Speaking of pastiches, I recently started reading The Goddess of Ganymede (excellent thus far) and author Michael D. Resnick leads off the volume with this:
To Edgar Rice Burroughs Fans Everywhere
I hope you enjoy reading this Burroughs pastiche as much as I enjoyed writing it.
Finally, I see that we now have a cover of the new Conan novel by S.M. Stirling, Blood of the Serpent. I join a chorus of others in wishing the cover was more classic S&S, a Frazetta-esque painting of the Cimmerian perhaps, but hey, it’s clean, it works, there is a sword on it, and a snake. Two S’s, now that I think of it (too clever by half)? But now this new and latest Conan pastiche feels a lot more tangible.
I tie all of these experiences with pastiches into Deuce Richardson’s recent piece over at DMR Books and it’s got me thinking about this practice as well.
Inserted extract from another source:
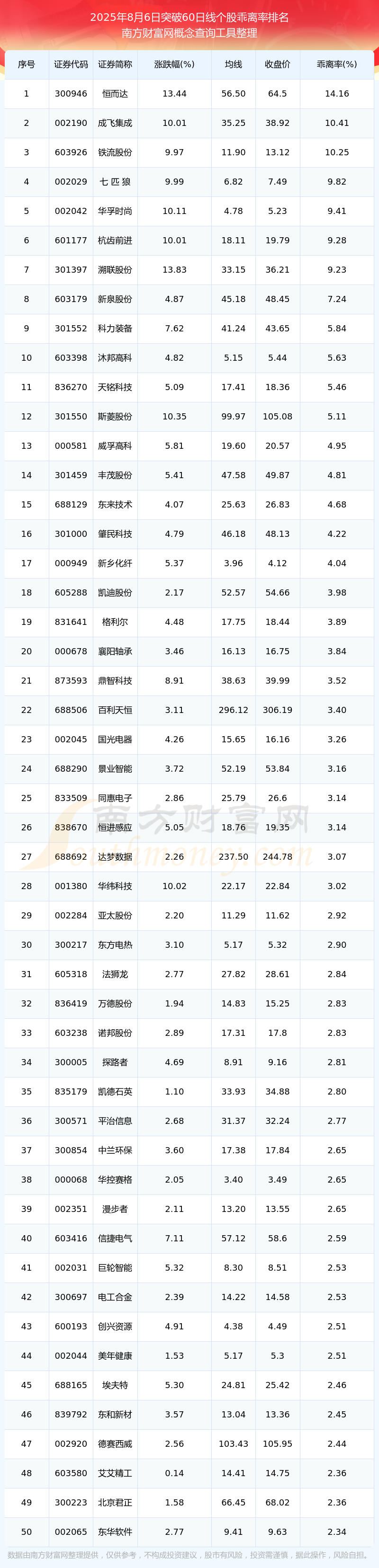 其中市值较大的个股有江西铜业、楚江新材、卡倍亿等2025年8月7日美股行情软件遵循南方家当网观点盘问器材数据统计,截止2025年8月6日收盘,共有259只个股收盘价向上打破了60日线,个中乖离率较大的个股有恒而达、成飞集成、铁流股份、七 匹 狼、华孚时尚等,乖离率分离为14.16%、10.41%、10.25%、9.82%、9.41%。

I have mixed feelings on pastiches, and likewise think we need some better-defined terms. Resnick is here using “pastiche” in its original definition, as Deuce lays out “A literary, artistic, musical, or architectural work that imitates the style of previous work.” The Goddess of Ganymede is the story of American soldier of fortune, Adam Thane, on a mission to Jupiter. His spacecraft loses contact with earth and is forced to land on its satellite moon, Ganymede, where Thane is embroiled in swashbuckling adventure. Thane finds he can take huge jumps due to the weaker gravitational pull of the planet, encounters red-skinned inhabitants of the planet, etc. In other words, a transparent Burroughs homage/imitation/pastiche.
De Camp meanwhile used “pastiche” as the continued stories of an established literary character by a new author. That term became synonymous with what he and Carter did with the likes of the Conan story “The Witch of the Mists” (August 1972 Fantastic). This is sort of how we all think of “pastiche” today.
My current stance on (De Campian-style) pastiche is: I enjoy them (when done well) and have no problem with others continuing to write new stories of beloved characters. I do think fidelity to the original character/world/lore should be a very high priority. And I’m also of the belief that pastiches should contain a short introduction to the original series or other clear indicator that these are imitations, not the real McCoy, to prevent any confusion with new readers and point them in the direction of the source material. But if you want to write them (and have the rights), have at it. If it's good, I might read it.